Josh Duggar’s defense attorneys argued that this testimony should be excluded from the trial on the grounds that it was protected by clergy privilege since Jim Bob Duggar and the parents of one of the girls in question are all church leaders.
Prosecutors disagreed, saying, “The defendant is asking the court to adopt an interpretation of the clergy-penitent privilege that is so unprecedently overbroad as to render it unenforceable.” In a court filing dated Wednesday, Dec. 1, Judge Timothy L. Brooks ruled to allow the testimony.
Josh Duggar’s Trial Begins
Josh Duggar and his family are known for starring in the TLC reality show, “19 Kids & Counting.” The program was pulled from air in 2015 after allegations surfaced that Duggar had molested five girls, including four of his sisters.
In November 2019, Homeland Security Investigations raided Josh Duggar’s business and confiscated three password-protected devices. On those devices were dozens of images depicting nude minors and child sex abuse materials.
Duggar was arrested on April 29, 2021, and has been charged with one count of receiving child pornography and one count of possessing child pornography. He has pleaded not guilty and faces up to 20 years in prison for each, as well as $250,000 in fines.
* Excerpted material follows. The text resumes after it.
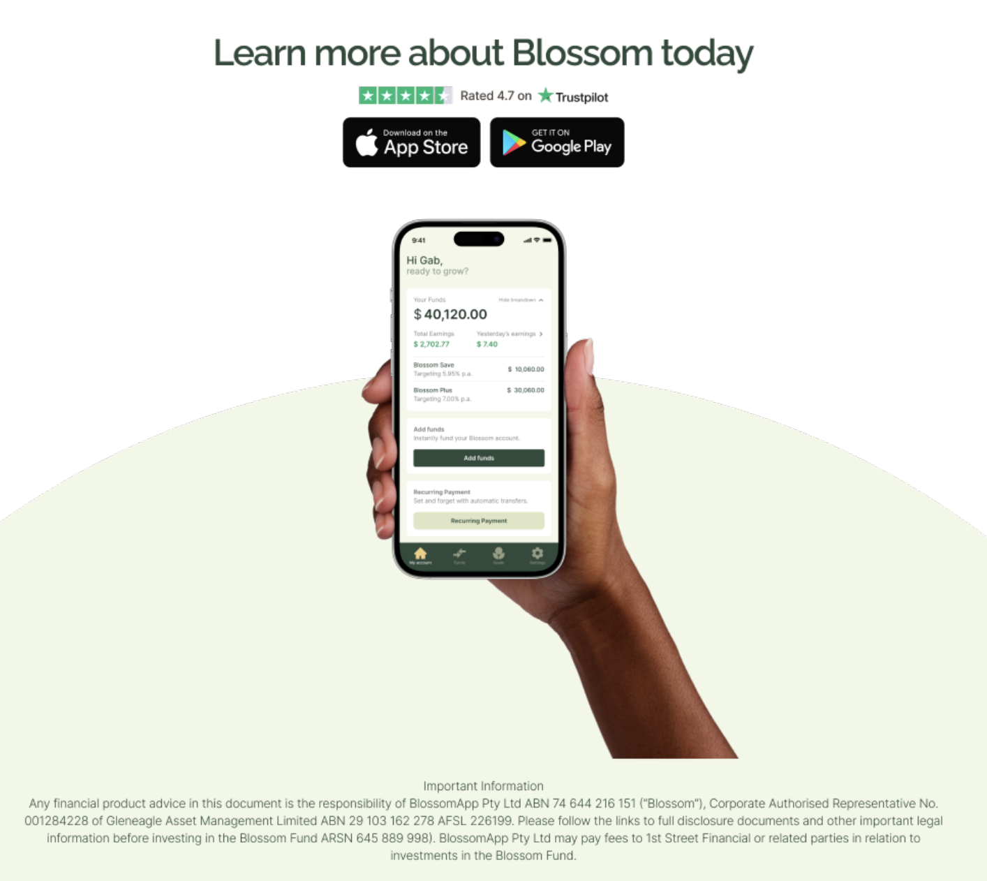 We love helping people get home loans, and our friends at The Blossom App love helping people save. They make it pretty rewarding too, when you can collect up to 7% p.a. in targeted returns, posted daily.

On May 5, 2021, Duggar was released on bail pending trial, which began Tuesday despite his attorneys requesting it be delayed to February 2022.
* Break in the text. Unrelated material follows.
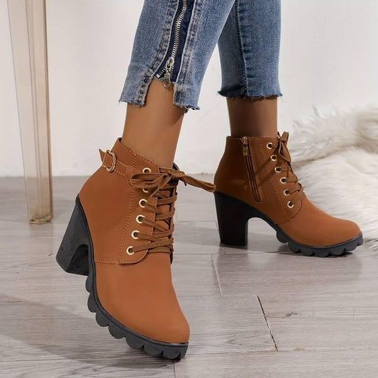 Nikki Boots | Botas de media caña con cordones y plataforma con cremallera lateral

Jury selection for the trial took place Tuesday, Nov. 30, during a nine-hour hearing that concluded with the seating of 12 jurors and four alternates. During the hearing, Brooks presented a list of 28 potential or confirmed witnesses, including two of Josh’s siblings, Jill Dillard and Jedidiah Duggar. It is not clear at this point whether the siblings are witnesses for the defense or prosecution. On Wednesday, the prosecution and defense gave opening statements and the first witness, Detective Amber Kalmer of the Little Rock Police Department, testified.